出演:稲垣吾郎 長谷川博己 池脇千鶴 渋川清彦
竹内都子 杉田雷麟 小野武彦 石橋蓮司
監督・脚本:阪本順治
音楽:安川午朗
制作・配給:キノフィルムズ
©2018「半世界」FILM PARTNERS

<STORY>
とある地方都市。そのまたさらに郊外に暮らす高村紘(稲垣吾郎)とその妻・初乃(池脇千鶴)、息子の明(杉田雷麟)の家族は、父から受け継いだ山中の炭焼き窯で備長炭を製炭することを生業としている。中学からの旧友で、自衛隊員として海外派遣されていた沖山瑛介(長谷川博己)がある日、何の前ぶりもなく町へ帰ってきた。

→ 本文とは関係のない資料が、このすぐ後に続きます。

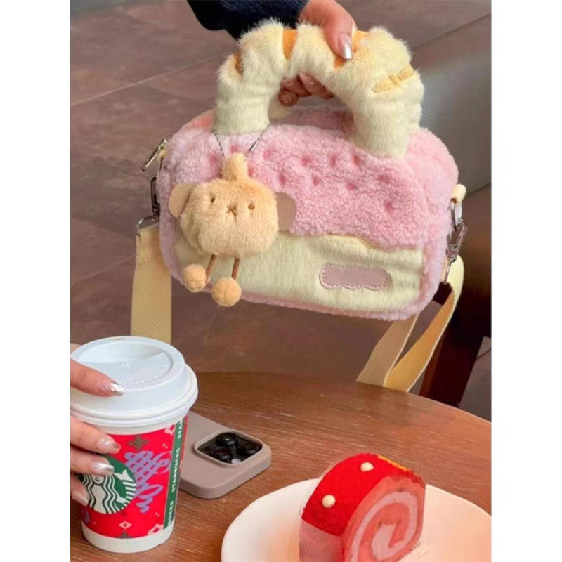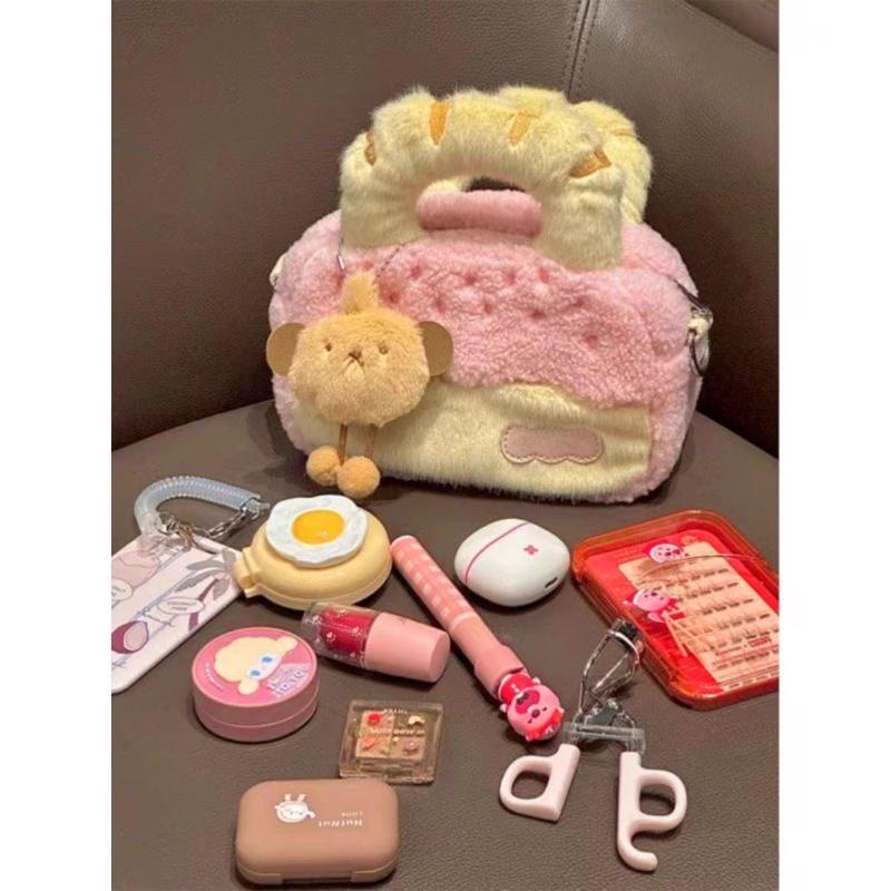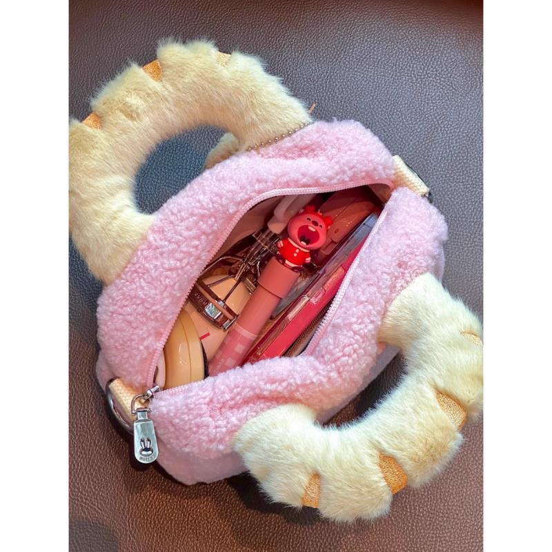 가을과 겨울 귀여운 마카롱 봉제 핸드백 2024 새로운 틈새 디자인 하이 엔드 충돌 통근 크로스 바디 백스토어 가기

どうやら瑛介は、妻子と別れて故郷にひとりで戻ってきた様子。紘は、同じく同級生で中古車販売を自営でやっている若井光彦(渋川清彦)にも声をかけ、十数年ぶりに3人で酒を酌み交わす。翌日、廃墟同然だった瑛介の実家を掃除し、住める状態にする3人、海外での派遣活動で瑛介が何か心の傷を負ったのでは?それが妻子と別れ、故郷に戻ってきた原因になったのではないかと感じる紘と光彦だが、直接聞くことも憚られ、どうすることもできない。紘の息子・明は、反抗期の真っ最中で、どうやら学校でイジメも受けている様子だが、紘はそれに頓着していない。「おまえ、明に感心もってないだろ。それが、あいつにもバレてんだよ」。鋭いことを光彦に言われハッとする紘。数日後、「オレの仕事、手伝えよ」。過去から脱却できずにいた仕事のない瑛介を巻き込んで一念発起する紘。紘の仕事ぶりを見て驚く瑛介。これまで感じたことのない張り合いを感じ始めた紘。そんな父を見る明の目にも変化が現れかけ、それは何もかも順調に向かい始めているように見えていた…。